Saturday, September 6th
WHERE TO BEGIN? I ask myself each day. I do the chores slowly, try to start out at least on a good steady slow rhythm. Today got up at 6:30 to a subdued autumnal light, the sun diffused through gentle clouds and haze. I changed the sheets on my bed and got the laundry together, then went down and cooked my breakfast—a good one of bacon and some of the small tomatoes Raymond brought yesterday from his garden. (My mother loved this breakfast and I always think of her when I cook it.) Then I went out in rubber boots over my pajamas and picked a few flowers to perk up the bunches. A great joy now, because it’s the first time I have sowed them among the annuals, is the scabiosa, every shade of white, purple, and lavendar, and also the annual lupine. Yesterday I picked two sprays of that, the most astonishing brilliant blue. Any day now we shall have a hard frost and it will all go.
Susan Garrett called yesterday to ask whether I would like to see some gardens that afternoon, and off we went at half past three with two young women who had kindly wanted to do this for me because they liked my books. It was a delightful expedition, to three gardens, each very different from the other. Mrs. Howells at Kittery Point gave us two night-blooming cereus to watch open after we got home (and they did open at precisely nine—a poignant glory because it comes and goes so fast). I enjoyed the gardens and the delightful women who created them, but my hackles rise always at the attitudes of garden club members. I fear I am unregenerate, or perhaps simply old-fashioned, for I do not really like “arrangements” where too often a kind of ingenuity (using strange leaves or lettuce or a cabbage to be “interesting”) replaces the simple joys of just plain old-fashioned bunches of flowers, which is what I love. I was pleased to note that nowhere did I see such a variety of annuals as I have in my wild, untidy, weedful picking garden here.
Today young Charles Barber from Ohio comes for lunch. He is on his way to study in England. I do look forward to showing him my habitat, as we met in a strange house (though lovely) when I was out at Ohio Wesleyan.
So much for the surface of life these past days. But always in the back of my consciousness is terrible woe and anxiety about the death of the spirit in our inner cities.
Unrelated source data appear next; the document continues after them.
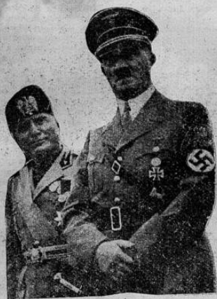
HITLER Y MUSSOLINI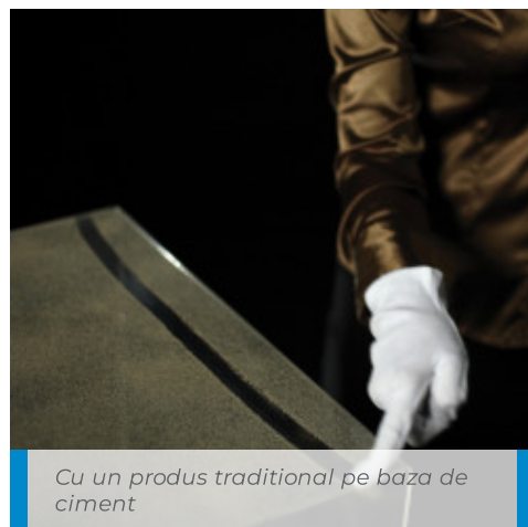
Cu un produs traditional pe baza de ciment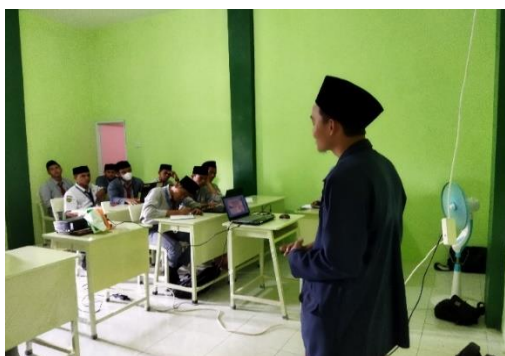
Gambar 1. Sambutan dari pihak Pesantren

Kegiatan Pengabdian kepada Masyarakat merupakan kegiatan yang dilakukan satu kali di setiap semesternya oleh Program Studi Sistem Informasi Universitas Sutomo. Hal ini sebagai bentuk pengaplikasian Tridharma perguruan tinggi, selain pengajaran dan penelitian perguruan tinggi berkewajiban melakukan Pengabdian kepada Masyarakat. Setelah melalui beberapa tahapan akhirnya dapat melaksanakan pelatihan Microsoft Office di Pondok Pesantren Subul El Salam yang dilaksanakan pada hari Sabtu tanggal 6 November 2021. Peserta pada pelatihan ini adalah siswa MA kelas 12, 10 santri perempuan dan 10 santri laki-laki.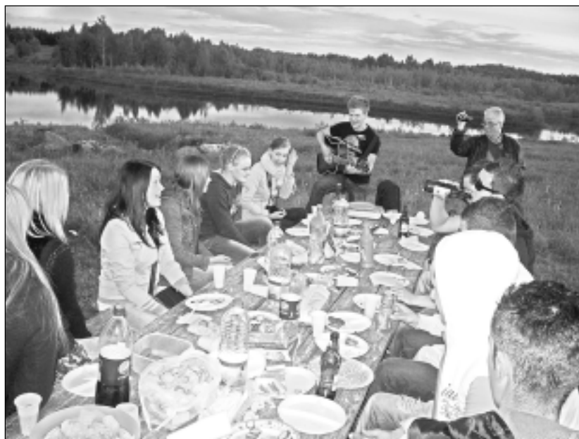
Atpūtā. Baltinavā ciemiņi no Nīderlandes paguva ne vien pastrādāt, bet arī labi atpūsties.

Piektdien, pabeiguši darbu, ārzemju viesi piedalījās Baltinavas jauniešu organizētajās sporta aktivitātēs, bet sestdien ciemiņi devās tālāk - apskatīt mūsu valsts galvaspilsētu Rīgu.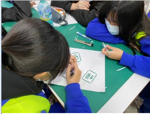
學生正在進行孔版製作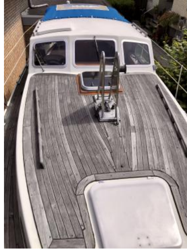
Teakdeck Ansicht 3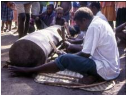
Slit gong nokoy (Motalava)

of Motalava, tēn in Lakon); the two drummers each side of him play with hard, lightweight sticks, producing a higher and more powerful sound ( beleg in Mwotlap, vuh in Lakon). The pattern is thus polyrhythmic, with each musician striking a different ostinato.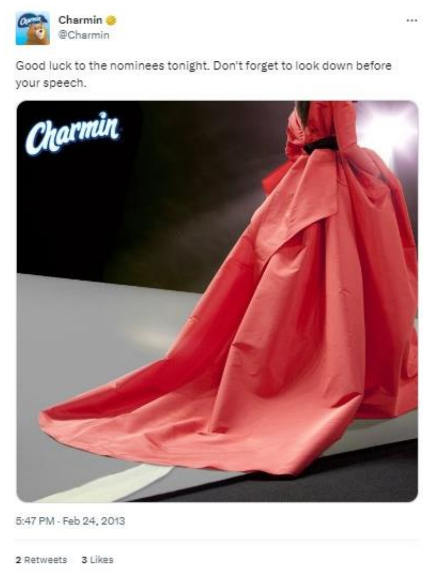
Slika 3: Primjer korištenja newsjackinga kod brenda Charmin

Uz Oakley , u svijetu se mogu naći brojni pozitivni primjeri korištenja newsjackinga . Jedan od njih je Charmin , američki brend toaletnog papira koji je dodjelu Oscara 2013. iskoristio za promoviranje svog brenda (v. Sliku 3 ). Naime, na Twitter profilu Charmin je objavio fotografiju na kojoj osoba u svečanoj crvenoj haljini za sobom vuče komad toaletnog papira, a u opisu fotografije je pisalo: „Sretno večeras nominiranima. Ne zaboravite pogledati prema dolje prije svog govora.“ U ovom slučaju newsjacking se koristio na temelju unaprijed zakazanog događaja za razliku od najčešće prakse korištenja newsjackinga koja se odvija kao reakcija na nepredvidiv događaj. Za razliku od klasičnih socioekonomskih i političkih događaja, ovdje je pop kultura poslužila kao temelj za newsjacking .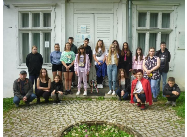
Csucsán az Ady-emlékház előtt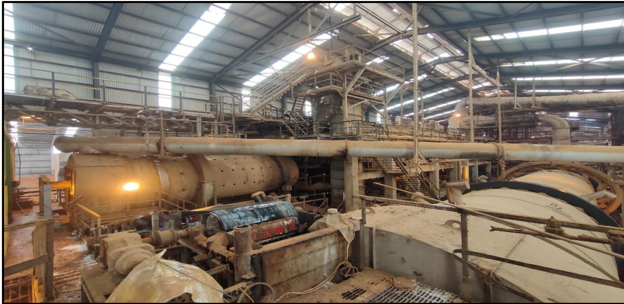
Lampiran 6 Unit NPK Granulasi IV dari sisi Dalam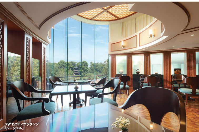
エグゼクティブラウンジ 「ル・シエル」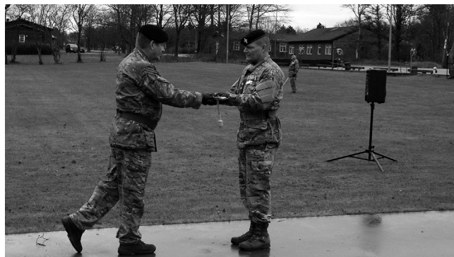
Chefoverdragelse i Oksbøl

Markeringen af Sct. Barbara dag den 4. december. Da dagen var en søndag, blev dagen markeret mandag den 5. december 2016 i Oksbøllejren ved 1. Danske Artilleriafdeling.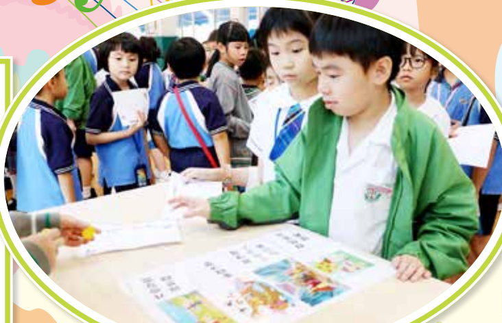
聖經故事齊配對 (攤位遊戲)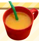
お子様ジュース (オレンジ) 100円+税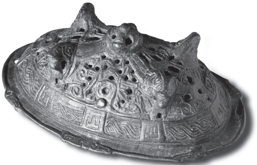
Opengewerkte bronzen ‘schildpad’-fibula uit de negende of tiende eeuw. Dit soort grote mantelspelden werd door Scandinavische vrouwen gedragen.

Ten zuiden van de grote rivieren was vervoer nog wel mogelijk over de vaak vervallen Romeinse wegen, maar noordelijker werd bijna alles over water getransporteerd. Bewoners van de noordelijke gebieden waren daardoor vanouds met scheepvaart vertrouwd geraakt.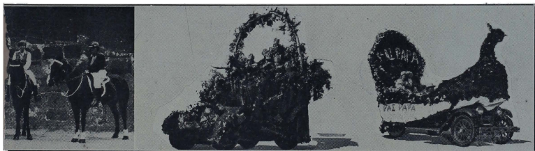
escollaron el auto de parada floral.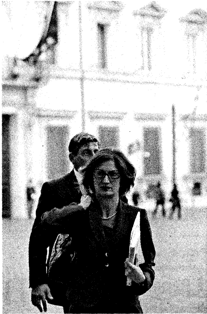
Il ministro dell'Istruzione Mariastella Gelmini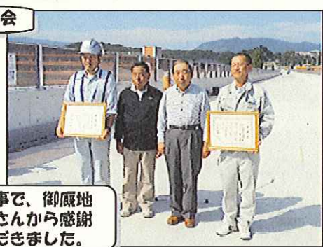
今回の工事で、御厩地区の区長さんから感謝状をいただきました。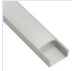
56690 PROFILO PLAFONE LARGO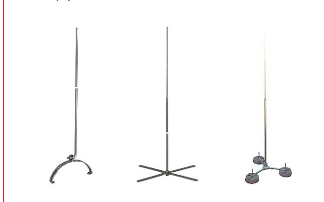
Фото 1. Примеры молниеприемников и мачт из каталога фирмы DEHN+SÖHNE

Обратимся к каталогам ведущих фирм, которые специализируются на производстве современных средств молниезащиты. Так, в подробнейших каталогах компании DEHN+SÖHNE собрано все, что нужно для устройства внешней и внутренней молниезащиты, в том числе разнообразные молниеприемники и соединительные шины для монтажа на крыше здания. Маркетологи фирмы хорошо знают рынок и наверняка комплектуют ассортимент, гарантирующий успешные продажи. Что же известно маркетологам, но ускользает от внимания составителей нормативов по молниезащите?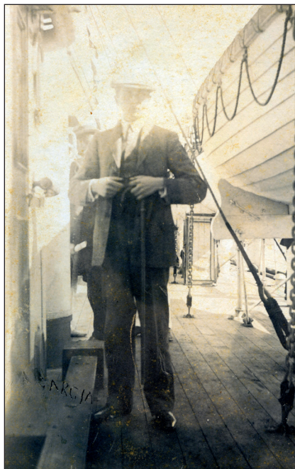
El príncipe Leopold Mountbatten en Gran Canaria.

de una temporada en esta isla. En este viaje el príncipe ocupó el camarote del capitán. Ya en el puerto de La Luz, donde entró todo empavesado de banderas, como correspondía a la ocasión, fondeó en la bocana del puerto interior, junto al crucero británico Isis , del francés Agere y de la fragata de guerra alemana Take .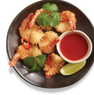
plu 103 ebi katsu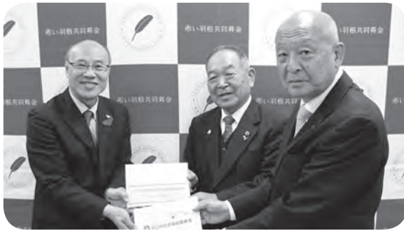
▲集まった募金は社協会長、民児協会長によって大阪府共同募金会に手渡されました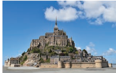
本家モン・サン・ミシェル

稜岳を下り、しろがね湿原にさしかかると、小さな岩峰があります。平坦な草原と岩峰の景色を、フランスの世界遺産でもある修道院になぞらえて、そのように呼ぶ人もいます。

I was grateful to find a moving account about this by Joshua Resnek, a sportswriter from Lynn on the Op-ed page of the Times yesterday. He described a drive through the worst of Brooklyn.
“We passed row after row of gutted tenements and street upon street of decaying buildings. Each time we looked at a face it was black and there weren’t any smiles, not anywhere. The most noticeable expression was one of a stonelike quality; the steel-fisted, hardened gaze of a people who have, with great difficulty, given up.” And later he says, “The black people we saw in Brooklyn are living in Hell. The system that accommodated the first generation of immigrants and that assimilated the second during the last fifty years is not, today, equipped to perform the moral task of dispensing equality.
“There is no equality of mind or the spirit, or of the soul in this place. No lingering sense of satisfactions over anything. Not birth. Not the living of life. Not death.”